[WTI-trainee] FW: Erica Busch dissertation defense April 9 2:30-4pm
Guerrero-Medina, Giovanna
giovanna.guerrero-medina at yale.edu
Tue Mar 31 09:47:10 EDT 2026
Sharing this info for one of our WTI and SPPC community members!
Cheers,
Giovanna
From: Psych.others <psych.others-bounces at mailman.yale.edu> on behalf of Turk-Browne, Nick <nicholas.turk-browne at yale.edu>
Date: Monday, March 30, 2026 at 10:33 PM
To: psych.all at mailman.yale.edu <psych.all at mailman.yale.edu>
Subject: Erica Busch dissertation defense April 9 2:30-4pm
Hi all,
Erica Busch will be defending her dissertation next Thursday, April 9 from 2:30-4pm in the Workshop (room 1116). The talk will begin at 2:30pm and we’ll wrap up with a reception in the adjacent lounge around 3:30pm.
Erica's dissertation (short abstract below) combines computational insights with cognitive training to advance a new paradigm for brain-computer interfaces and cognitive neuroscience more generally. Her work has implications across cognitive, developmental, and clinical psychology, and so should be of broad relevance to our community.

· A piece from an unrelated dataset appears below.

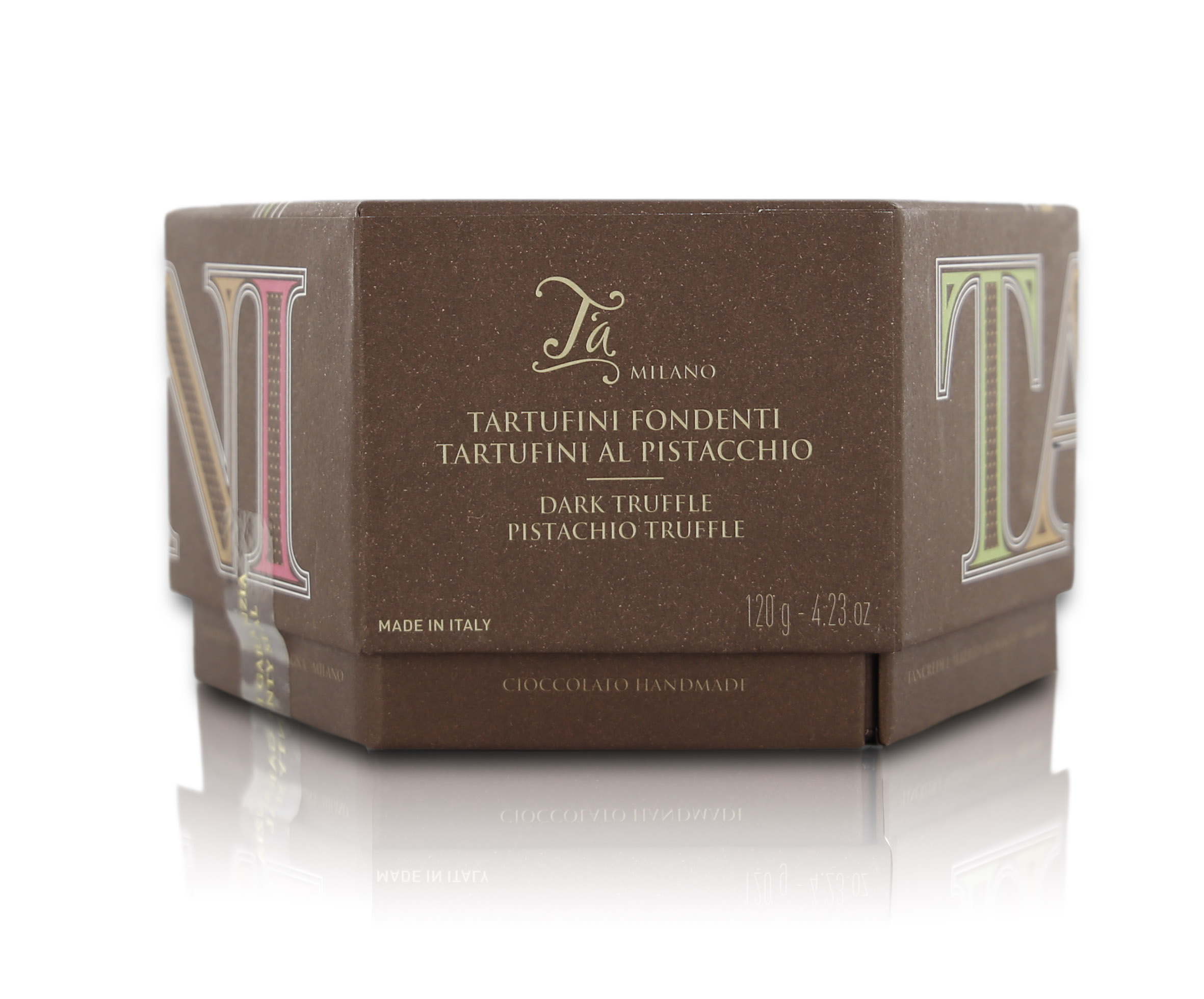 Una elegante confezione esagonale racchiude 14 tartufini in due gusti: 7 al cioccolato fondente e 7 al cioccolato fondente al pistacchio. Per mantenerne l'integrità e fare in modo che risaltino in tutta la loro bellezza, i tartufi sono riposti in appositi alloggiamenti sagomati e disposti su due livelli. La variante al cioccolato fondente ha un ripieno a base di nocciola e cioccolato fondente, mentre quella al pistacchio vanta un ripieno cremoso a base di nocciola e pistacchio. I tartufini sono realizzati con cioccolato fondente artigianale. L'esterno è ricoperto di cacao in polvere. Sono perfetti da offrire ai vostri ospiti insieme al caffè o come piccolo regalo per gli amanti dei dolci. "T'a Milano" è la firma della giovane ma tradizionale azienda di pasticceria e cioccolateria artigianale milanese che tutt'ora crea orgogliosamente le proprie delizie nei territori della provincia della Madunina. È un marchio che incorpora tanto la storia quanto la voglia d'innovazione, offrendo prodotti di altissimo livello che rientrano a pieno titolo in quel Made in Italy culinario che diventa eccellenza. Il motto di Tancredi e Alberto Alemagna, non a caso, è "italianità, qualità e design". Il loro è un cioccolato pluripremiato, che ha ottenuto diversi riconoscimenti di settore tra cui vari International Chocolate Award e premi Tavoletta d'Oro. Conservare in luogo fresco e asciutto.

On behalf of Erica’s committee, I am writing to invite you and anybody you think might be interested to attend!
Thanks,
Nick Turk-Browne
--
Understanding and enhancing human cognition along neural manifolds
Erica L. Busch
A fundamental goal of cognitive neuroscience is to understand how brain activity supports our rich, flexible, and dynamic cognitive abilities. Yet brain activity is extraordinarily complex, involving thousands of interacting signals that continuously evolve over time. One promising idea is that these signals do not explore all possible configurations, but are instead constrained to simpler, low-dimensional structures known as neural manifolds. These manifolds can be thought of as hidden landscapes that guide the evolution of brain activity, limiting which patterns are possible and shaping how they change with experience. In this dissertation, I argue that neural manifolds provide a unifying framework for understanding how the human brain gives rise to the mind, and that their functional significance can be studied not only descriptively, but also causally. Across four empirical chapters, I develop new computational methods and experimental approaches to characterize neural manifolds, test their functional relevance, and examine how they vary across development and individual differences.